La sérénité des femmes en toile de fond
Trainant le regard plus près d’une des œuvres, l’on croit appréhender une femme emmitouflée dans son «meulfeu», comme une maure. Cela saute à l’œil. Mais ce n’est point une surprise puisque, dit-on, «on retrouve bien souvent dans les œuvres de l’artiste la femme sénégalaise sous diverses incarnations». Le peintre ac­quies­ce et confie rechercher à travers ces figures féminines, ce côté apaisé, cette sérénité, ce sens très posé des femmes «Le centre de gravité ce n’est pas un oiseau, ça peut être des femmes, des hommes mais toujours il y a ce côté féminin qui se détache. Ce ne sont pas de gens virulents, elles sont très posées», confesse-t-il.

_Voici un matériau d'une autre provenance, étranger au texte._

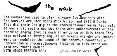 The Work, like the name suggests, had a tough, non-nonsense, committed approach to music, spiced with ear-bending timbres and the occasional glimpse of British humour if you looked carefully. I reckon they fall into the same loose bag and era as PIL, The Fall, This Heat, Gang of Four, and so on. As you can see, an abundance of four-letter words. No frills, sometimes an almost dour militaristic beat, yet out there on the bleeding edge in terms of sounds and structures.
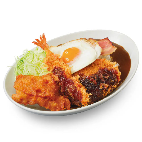 かつやの新商品はフル盛りでエビフライとかフライ系はあるあるだけど、ベーコンエッグもカレーものせてくれるの夢がある

Dans cette exposition qui entraine vers toutes sortes d’imagination, certains visiteurs soupçonnent en ces figures, mi-homme mi- oiseau, une inspiration égyptienne. Vu de profil, l’on croit effectivement voir Horus, Anubis ou Seth, ces figures de la mythologie égyptienne. Laissant libre court à toute interprétation, l’artiste se lance lui dans les milles interrogations qui découlent de son œuvre. En réalité, en fond de son travail, immerge un certain nombre de questionnements. «Le cosmique, c’est un travail et des interrogations sur l’être humain, les métamorphoses de l’être entre le végétal, l’animal et l’être humain. Il y a cette espèce de questionnement éternel», nous dit-il. La première l’éthique d’une vie. Et l’autre du sommeil au rêve ; sont l’essence même de son exposition. «Il y a deux jours seulement tout le monde se posait la même question. Pourquoi ça ne bouge pas ? Que doit-on changer?» La question reste ouverte.
 
Des œuvres et des questions
Après 50 ans de vie artistique, ce pionnier des arts, interroge et s’interroge toujours, loin de croire son œuvre achevée, il ouvre une nouvelle brèche, dans laquelle s’inscrit ce nouveau travail. Voila sans doute ce pourquoi le ministre de la Culture et de la communication Mbagnick Ndiaye a jugé utile de le sortir de son hibernation. «Les œuvres d’art ne sont pas seulement des objets de contemplation mais ce sont de puissants outils d’investigation qui permettent d’analyser et de comprendre», a-t-il affirmé. Et pour insister sur la pertinence de ces propos, la directrice de la Galerie nationale d’art, Awa Cheikh Diouf d’inviter le public à venir profiter de la finesse et de la douceur de ces œuvres dignes d’un grand maître. L’exposition se poursuit jusqu’au 24 décembre.